Миллионы сегодня голодают и бедствуют, и как объяснишь им, прыгающим от радости при виде дома, за который не нужно платить десять лет, полного холодильника, автомобиля, что это - суррогат счастья?
А потом те, которые неборцы, войдут во вкус, им уже мало будет шестицилиндрового авто, телевизора метр на метр, захочется лимузина двенадцатицилиндровго или на воздушной подушке, телевизора, способного передавать запахи, и посыплятся из-за облаков новые дары в красивой упаковке, и океан изобилия захлестнет с головой, и мечта лететь к звездам так и останется мечтой...
Человечество погибнет, рычал он, и погубят его не кровожадные осьминоги в лязгающих треножниках, и слава богу, если мы умрем достаточно рано, не увидев заката, окончательно вставших на четвереньки соплеменников...
Наконец он устал, охрип, сел и зажал голову ладонями.
- Что-то слишком мрачно, - заметил я. - Опасно, согласен, но чтобы на четвереньки...
- Какая разница - в прямом смысле или переносном? Для твоего Бережкова такой бар - рай божий, за месяц в гроб вгонит... Или твой шеф - сейчас он еще копошится, пишет докторскую, потому что доктору больше платят и можно купить "Волгу", и он ведь не самый худший представитель своего племени, есть у него кое-что в голове. Господи, обидно-то до чего - будь это война, агрессия, нападение жукоглазых, можно было бы драться, стрелять, взрывать. В кого станешь сейчас стрелять - в небо? В твой телевизор? Пойду я, пожалуй...
- Куда?
- К себе поеду, возиться с мышами, а что еще прикажешь делать? Как сказал некто Иванов, сделать мы ничего не сможем. И он тоже...

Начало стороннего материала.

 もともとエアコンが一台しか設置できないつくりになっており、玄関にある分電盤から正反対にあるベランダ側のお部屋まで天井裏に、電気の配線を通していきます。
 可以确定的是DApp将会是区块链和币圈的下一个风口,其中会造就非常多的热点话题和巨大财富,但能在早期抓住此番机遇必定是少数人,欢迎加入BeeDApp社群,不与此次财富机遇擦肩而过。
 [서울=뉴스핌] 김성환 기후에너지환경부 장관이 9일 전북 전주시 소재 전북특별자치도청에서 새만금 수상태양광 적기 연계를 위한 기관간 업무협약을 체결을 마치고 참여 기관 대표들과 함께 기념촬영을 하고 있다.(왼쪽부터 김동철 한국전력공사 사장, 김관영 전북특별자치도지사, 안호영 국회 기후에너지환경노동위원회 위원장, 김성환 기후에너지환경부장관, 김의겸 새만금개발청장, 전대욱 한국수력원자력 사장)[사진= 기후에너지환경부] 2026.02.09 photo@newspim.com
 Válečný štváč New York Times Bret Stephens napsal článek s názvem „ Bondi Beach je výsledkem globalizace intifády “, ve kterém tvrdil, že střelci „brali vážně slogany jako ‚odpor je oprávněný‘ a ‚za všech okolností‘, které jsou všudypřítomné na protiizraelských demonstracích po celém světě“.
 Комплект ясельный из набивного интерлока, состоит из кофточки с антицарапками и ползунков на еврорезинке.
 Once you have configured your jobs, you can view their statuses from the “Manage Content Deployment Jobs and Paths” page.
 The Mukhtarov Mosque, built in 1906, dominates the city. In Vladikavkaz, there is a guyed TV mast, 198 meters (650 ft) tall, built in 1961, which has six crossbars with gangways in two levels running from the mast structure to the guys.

Но встал и вышел вялой развинченной походочкой, ничего в нем не осталось от прежнего президента - ухаря и любителя поспорить о будущем - каким оно будет, какими будем мы и скоро ли. Я остался один.

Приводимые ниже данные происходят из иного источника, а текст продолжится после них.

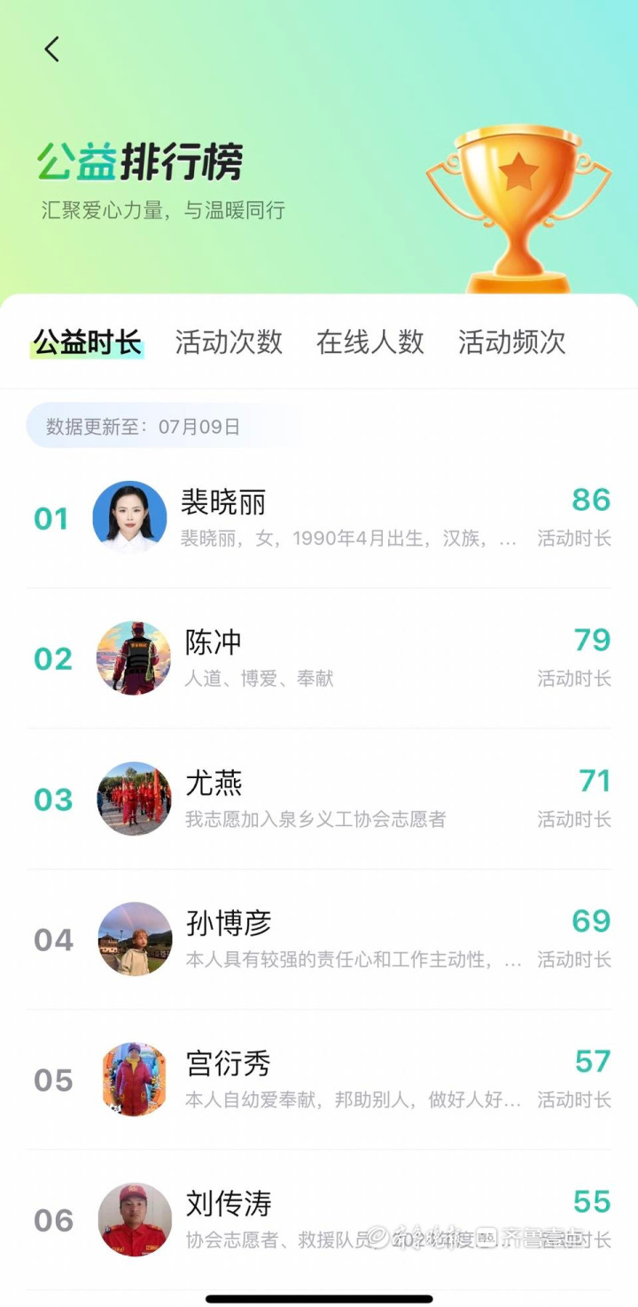 看着自己的排名随着志愿时长的增加而上升,或是看到其他优秀志愿者的突出表现,都会激励用户更踊跃地参与公益活动,让每一份善意都能在排行榜上留下印记,也让用户感受到自己的付出是有价值、有意义的。
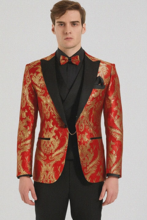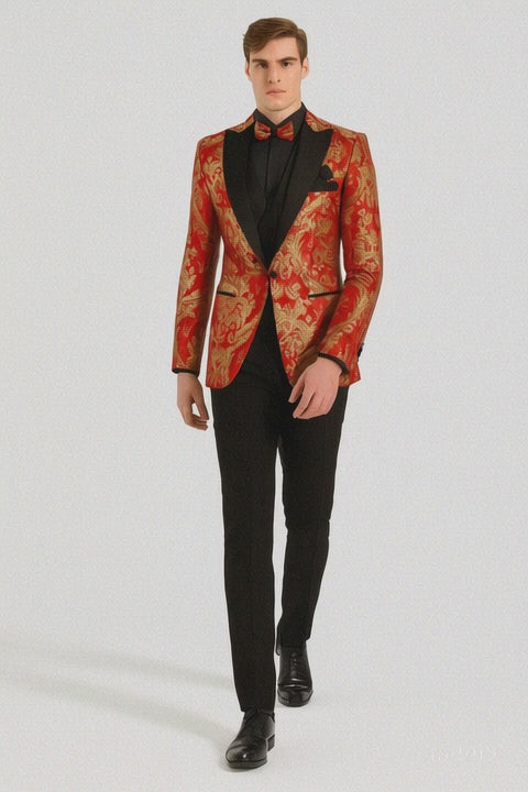 The Red Gold Modern Fit 3-Piece Suit with Matching Bow Tie is perfect for men who want to embody sophistication, boldness, and luxury at weddings, formal parties, and cultural celebrations.
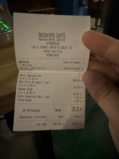 Read moreHay proyectos gastronómicos que aun calculados al milímetro no consiguen pasar de los deseos. Aquí, en Leartá, la inteligente propuesta que Rita y Manuel desde la cocina, y Nazaré y Luna en las sala y la parte de beber, ponen en pie con brillantez y reto ante una ciudad de gustaos muy clásicos, y generan un espacio donde no sólo la cuidada atención que han dedicado al pequeño espacio, decorada con objetos que hablan de un sur de espíritu delicado y hermoso, y nada de falso folclore tipificado que se prefabrica para los millones de turistas que año a año invaden la ciudad hispalense. Leartá ejecuta un único menú degustación de once pases, a un precio de 72€. Una bien elegida carta de vinos, del sur, nacionales o internacionales, que van de generosos a bien seleccionadas botellas de espumosos, blancos, rosados, tintos o dulces, que harán la felicidad de quien quiera navegar por ella. Precios altos, pero que apoyan en un servicio magnífico de copas de la casa Chef& Sumiller que ayudan a disfrutar más de lo elegido y poder percibir los matices que encierra cada botella. Es importante la cuchara en la propuesta. Ejecución brillante que no baja en ninguno de los platos por los que transita el menú. Fondos/salsas/consomés que hablan de conocimiento técnico impresionante, de ejecuciones intachables e inolvidables, como ese tomate tratado como si fuera un lomo de orza con un delicado helado de primorosa manteca y aceite de perejil. Plato a plato van abriendo horizontes de una cocina popular, que ya sea en guisos marineros o ante confitados de carnes, deja elegancia, sutileza, ligereza. Platos inolvidables. Una manera de cocina absolutamente primorosa y que nunca defrauda. Ni en la vertiente salada ni en la dulce. Un escándalo de sabor ante los que el comensal sólo debe de dejarse llevar y participar entregando todos sus sentidos. Para poder alcanzar las escalas que lleva este viaje en su amplio recorrido. Vajillas hermosas y atención delicada. Una combinación demoledora que hace que la experiencia Leartá sea inolvidable. Para comensales que quieran ser soberanamente felices y asistir a lo que está llamado a ser no sólo una de las joyas de Andalucía, tierra que en estos momentos posé un cada vez más amplio número de locales que bien merecen un viaje, sino a sentir que otra manera de entender la...
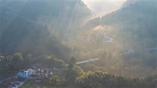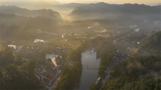 金秋时节,江口县寨沙侗寨日出云雾缭绕,山峦五彩斑斓,美如画卷。

Посидел немного и тоже ушел. Шатался по городу, забрел в кино, что-то там смотрел, пил газировку, оказался в столовой, что-то там жевал и думал, думал, думал.
Ненависть Белоконя к тому миру, что должен появиться в результате ливня благ, я вполне разделял, я никогда не любил подобных моему шефу людей, и больно было думать, что настанет их царство, но что же делать? И почему наш звездный Иванов говорил слегка загадочно, он бы не стал говорить просто так...
Ничего я не придумал, вернулся домой уставший и расстроенный и с порога услышал, что Жанна плачет в спальне. Не очень уж громко, но я сразу услышал и бросился туда.
Она ревела, а рядом с ней валялись мои "Три мушкетера", раскрытые на том месте, где четыре храбреца ворвались в кармелитский монастырь, распугивая монашек лихо закрученными усами и дымящимися пистолетами, но коварная миледи успела подбросить в бокал Констанции яд, кардинал умел подбирать людей, и Констанция умирает, но никто еще не понял, что она умирает, только Атос, умница, совесть четверки, догадался...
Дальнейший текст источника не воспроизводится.